Researchers occupy a position of respect and trust in the community.  The Nuffield Council on Bioethics emphasizes this position in their report on research ethics in developing countries:

Researchers from developed countries may not be fully aware of prospective participants’ considerable trust in and respect for medical doctors and other healthcare practitioners, even those with modest qualifications. This may be especially true if the healthcare practitioners have been trained in Western countries. It is questionable whether researchers from developed countries are well prepared for the enormous responsibility that this attitude of respect and trust places upon them”(1)

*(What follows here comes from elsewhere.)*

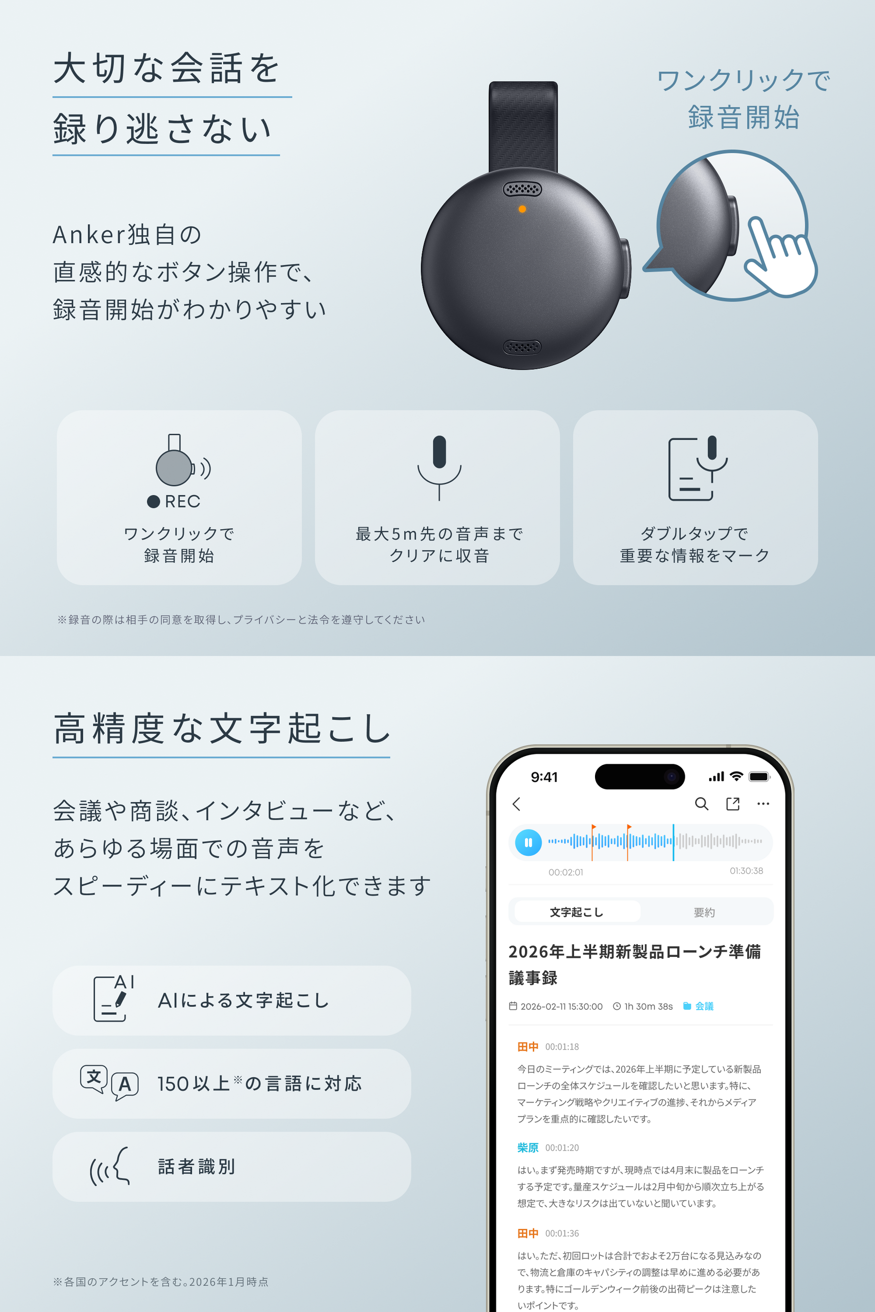 - Anker初のAIボイスレコーダー:会議や商談、インタビューなどの音声をワンクリックで録音し、AIにより自動で文字起こしから要約までを行うことができるAnker初のウェアラブルAIボイスレコーダーです。

It is important for researchers to understand how to conduct their research in a manner that honors this trust, both for the sake of their research participants and for the sake of their study’s validity.  Even the most well-intentioned and well-trained researchers can make mistakes in this area, so it is essential to think carefully about how to ensure that participants have given informed consent to participate in a research study.

Informed Consent

Informed Consent is a basic legal and ethical standard by which all research must abide.  According to Family Health International, “Informed consent is not merely a legal requirement or a document to be signed; it is a communication process between the researcher and the participant that starts before the research is initiated and continues throughout the study. It is essential that the information provided is understood by the potential participant and empowers that person to make a voluntary decision about whether or not to participate in the study”. (2)  Researchers must take on the responsibility of making sure that the participants in their study are provided with, and fully understand, all of the following before consenting to take part:

Potential Difficulties with Informed Consent

Although these guidelines seem like common sense, there are several potential issues to informed consent that researchers must be especially concerned about when doing work in developing countries.

For a more exhaustive list of challenges and solutions to informed consent in developing countries, please click here to be open the Nuffield Council on Bioethics’s report and refer to chapter 6, “Consent,” which begins on page 72. 

Oral Cultures and Informed Consent

“Oral cultures such as those in various parts of Africa attach importance to personal social relation in contrast to literate and technologically developed ones where relations are impersonal, highly segmented, and formal. The requirement of informed consent in writing does not go down very well in African societies that are still steeped in oral tradition unlike in European contexts where this is embraced and/or demanded.”(7)

Whether or not a community is largely literate, a cultural emphasis on oral contracts and the importance of the spoken word may be the norm.  In these cases, researchers must be cognizant of the cultural differences between what they are used to and what the community deems appropriate.  It is always the responsibility of the researcher to adapt his or her methodologies to fit the cultural context in which the study is taking place.  Oftentimes, this means a fundamental reconsideration of what qualifies as “genuine consent” given the cultural context.

Community Consent and Individual Consent

“There has been a growing appreciation of the importance of community leaders and families in the context of decision-making. While the process of going through such community gatekeepers does not take away from the importance of the individual's understanding of and willingness to participate in the research, it adds an element of security in traditional societies where communal consciousness and living is the norm.”(8) 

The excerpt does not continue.